### Records to process
* * *

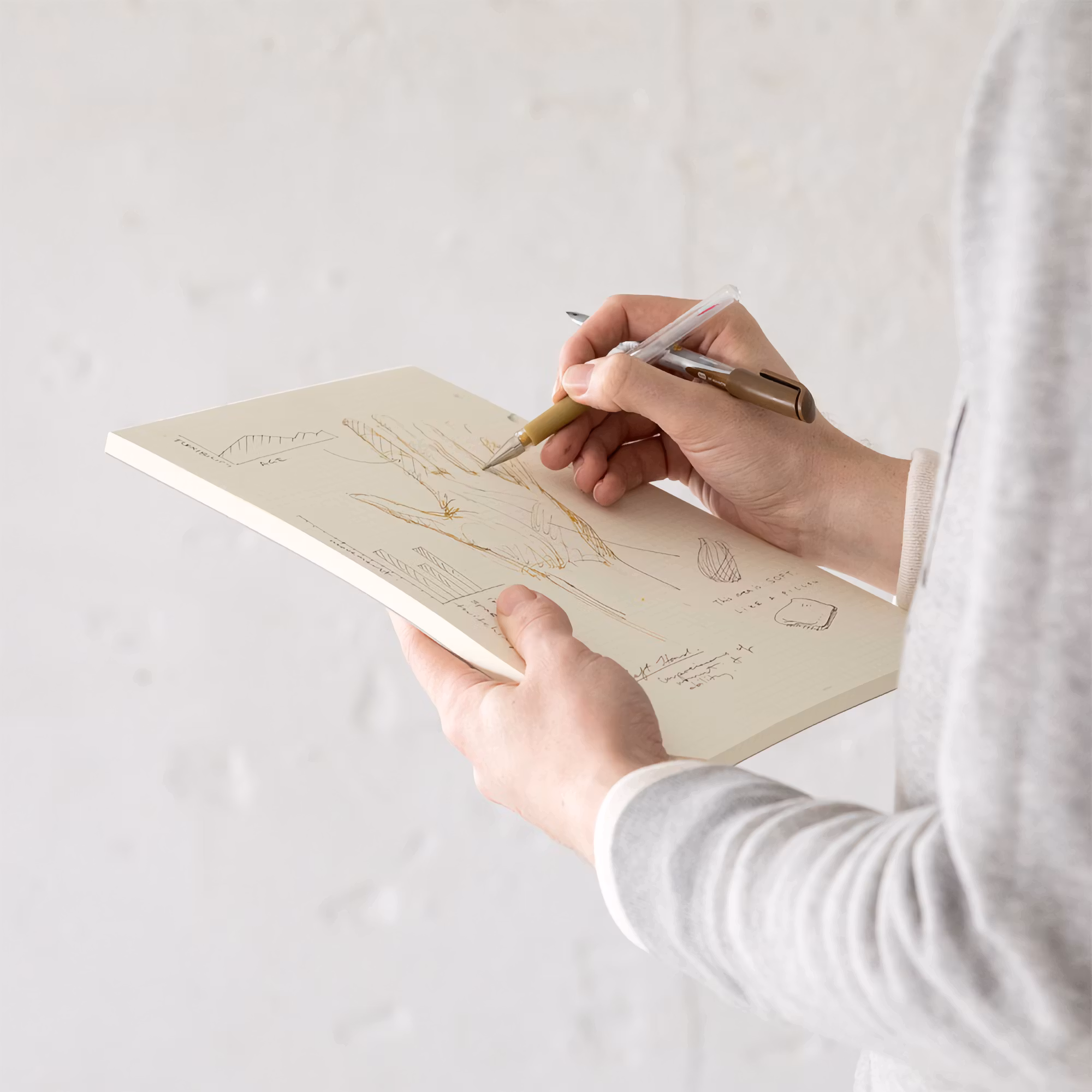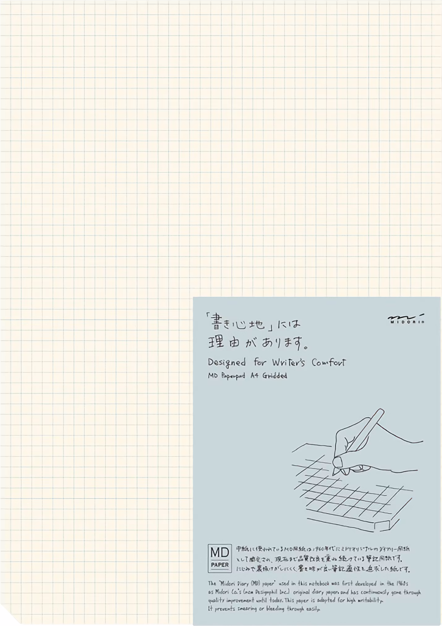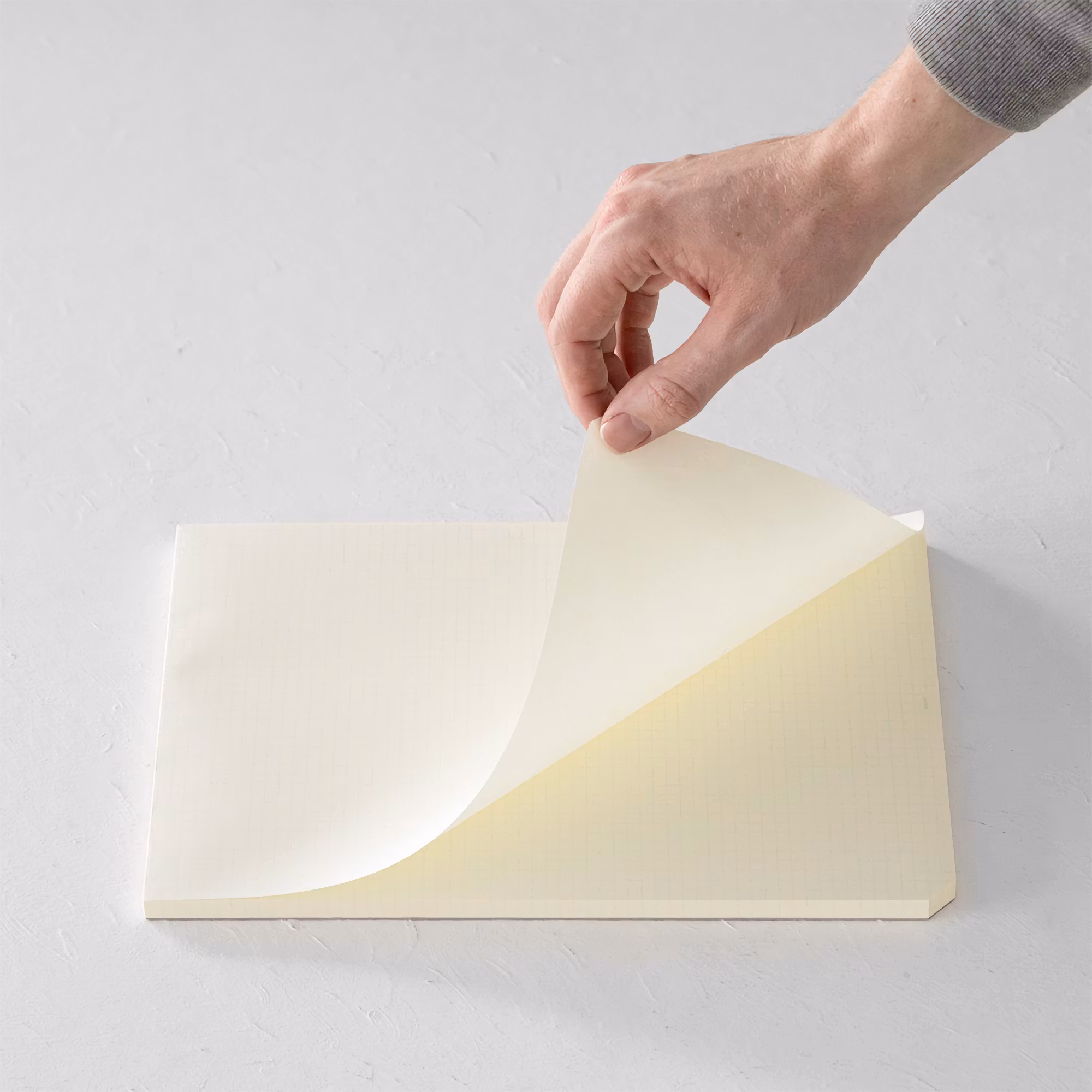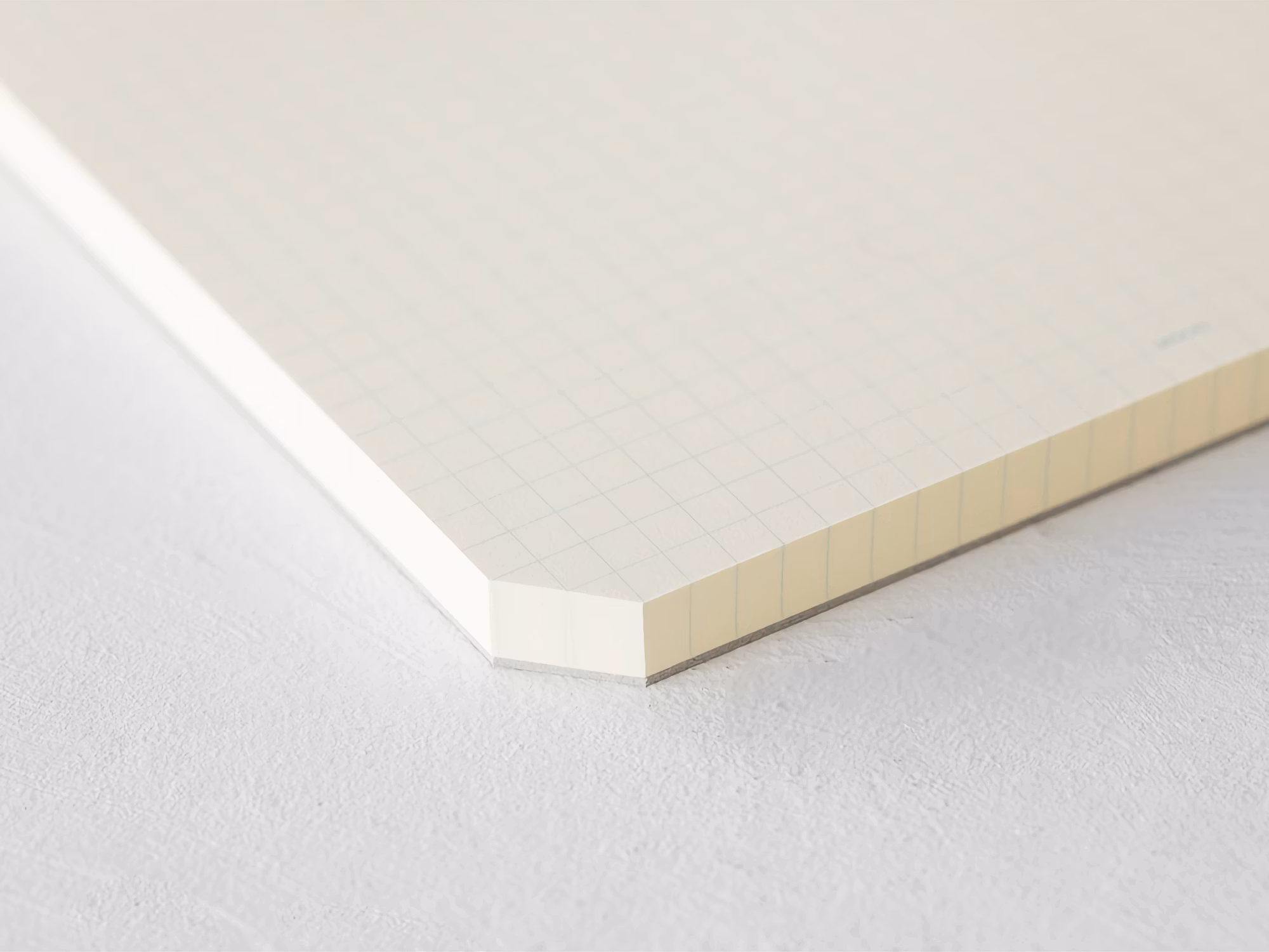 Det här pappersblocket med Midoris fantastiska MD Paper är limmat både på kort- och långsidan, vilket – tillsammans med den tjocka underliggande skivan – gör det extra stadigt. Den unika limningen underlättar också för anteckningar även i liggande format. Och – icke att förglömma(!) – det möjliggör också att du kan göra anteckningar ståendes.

* * *

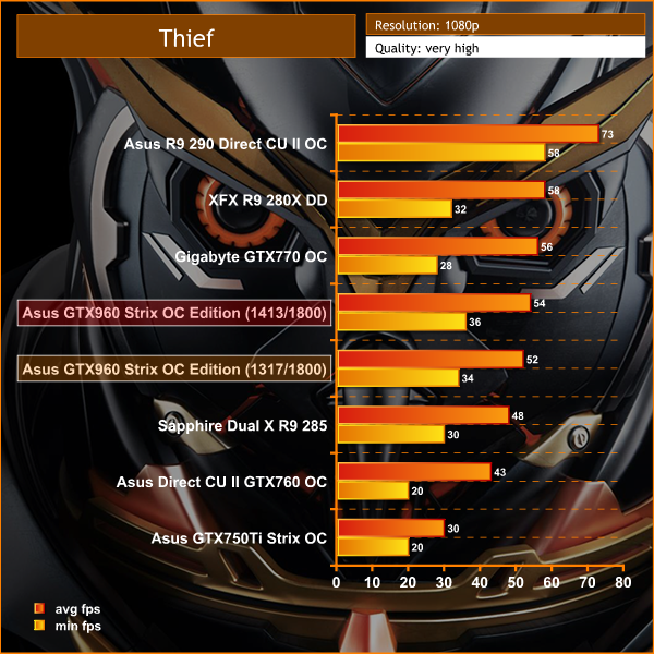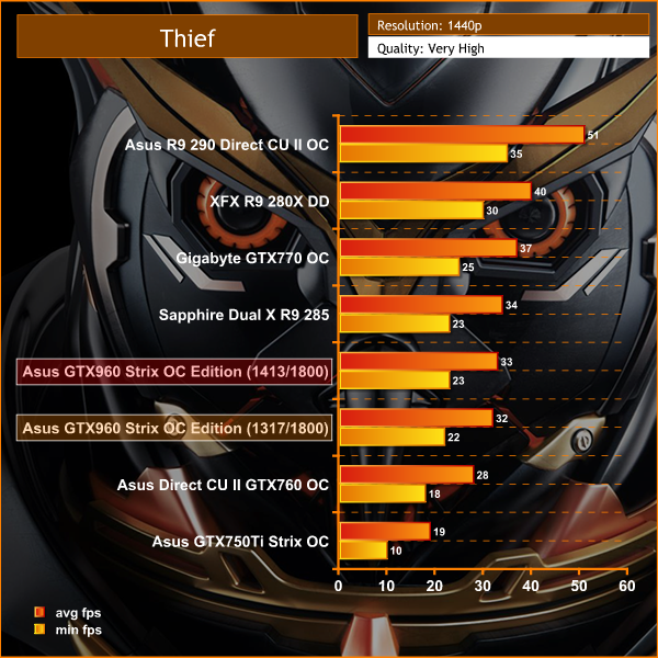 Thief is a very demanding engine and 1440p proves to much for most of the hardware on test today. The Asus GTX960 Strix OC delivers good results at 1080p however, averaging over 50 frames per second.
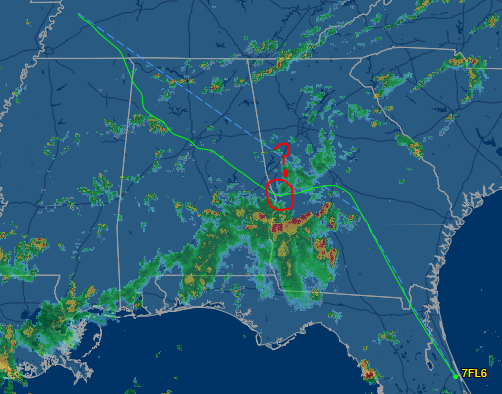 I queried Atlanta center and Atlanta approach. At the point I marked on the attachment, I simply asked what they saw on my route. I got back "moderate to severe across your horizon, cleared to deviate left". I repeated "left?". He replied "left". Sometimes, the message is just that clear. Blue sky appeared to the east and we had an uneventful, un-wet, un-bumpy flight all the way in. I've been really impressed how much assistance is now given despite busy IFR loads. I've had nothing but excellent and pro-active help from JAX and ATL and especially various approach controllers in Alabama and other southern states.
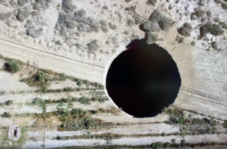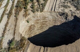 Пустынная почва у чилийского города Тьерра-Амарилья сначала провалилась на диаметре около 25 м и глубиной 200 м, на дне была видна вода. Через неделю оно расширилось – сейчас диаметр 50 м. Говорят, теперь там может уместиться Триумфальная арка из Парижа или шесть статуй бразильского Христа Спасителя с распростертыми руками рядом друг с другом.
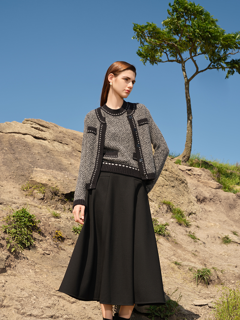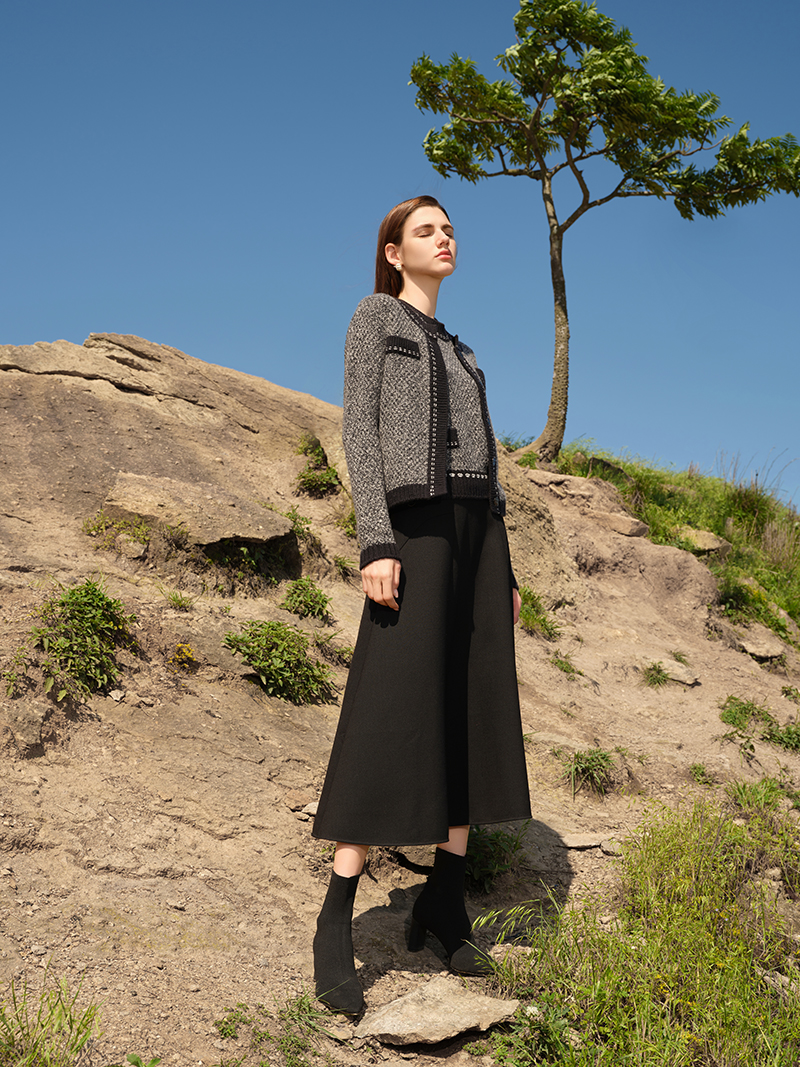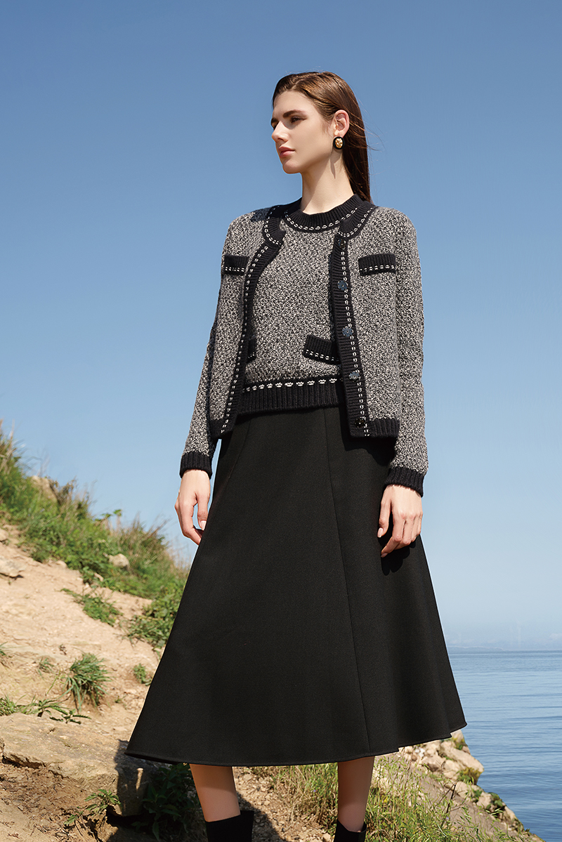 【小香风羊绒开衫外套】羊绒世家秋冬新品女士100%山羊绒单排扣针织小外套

* * *

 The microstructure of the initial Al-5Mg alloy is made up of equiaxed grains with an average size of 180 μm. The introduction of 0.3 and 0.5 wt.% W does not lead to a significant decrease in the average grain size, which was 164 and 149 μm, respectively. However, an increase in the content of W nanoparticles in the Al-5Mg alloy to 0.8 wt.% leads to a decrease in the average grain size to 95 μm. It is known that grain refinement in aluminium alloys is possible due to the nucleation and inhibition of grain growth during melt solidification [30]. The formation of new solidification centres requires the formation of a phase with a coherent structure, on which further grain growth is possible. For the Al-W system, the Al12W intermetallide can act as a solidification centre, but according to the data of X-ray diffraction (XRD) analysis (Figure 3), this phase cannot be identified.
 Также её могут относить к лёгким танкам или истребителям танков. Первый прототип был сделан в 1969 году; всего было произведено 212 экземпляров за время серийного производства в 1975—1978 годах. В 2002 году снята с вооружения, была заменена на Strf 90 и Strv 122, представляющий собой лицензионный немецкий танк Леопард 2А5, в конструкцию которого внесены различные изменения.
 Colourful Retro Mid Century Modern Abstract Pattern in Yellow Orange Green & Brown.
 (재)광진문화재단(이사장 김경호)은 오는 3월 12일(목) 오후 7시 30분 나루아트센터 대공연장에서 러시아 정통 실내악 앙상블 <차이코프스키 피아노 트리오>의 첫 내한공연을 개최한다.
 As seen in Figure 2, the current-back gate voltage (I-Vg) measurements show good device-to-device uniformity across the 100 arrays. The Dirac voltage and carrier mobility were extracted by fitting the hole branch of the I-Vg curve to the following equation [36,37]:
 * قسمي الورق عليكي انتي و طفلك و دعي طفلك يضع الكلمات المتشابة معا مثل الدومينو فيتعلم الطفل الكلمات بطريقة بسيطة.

* * *

### Task instructions
What is needed is an exact copy of the lines above, from the one containing "Colourful Retro Mid" through the one containing "As seen in Figure", with nothing added.

### Result
 Colourful Retro Mid Century Modern Abstract Pattern in Yellow Orange Green & Brown.
 (재)광진문화재단(이사장 김경호)은 오는 3월 12일(목) 오후 7시 30분 나루아트센터 대공연장에서 러시아 정통 실내악 앙상블 <차이코프스키 피아노 트리오>의 첫 내한공연을 개최한다.
 As seen in Figure 2, the current-back gate voltage (I-Vg) measurements show good device-to-device uniformity across the 100 arrays. The Dirac voltage and carrier mobility were extracted by fitting the hole branch of the I-Vg curve to the following equation [36,37]:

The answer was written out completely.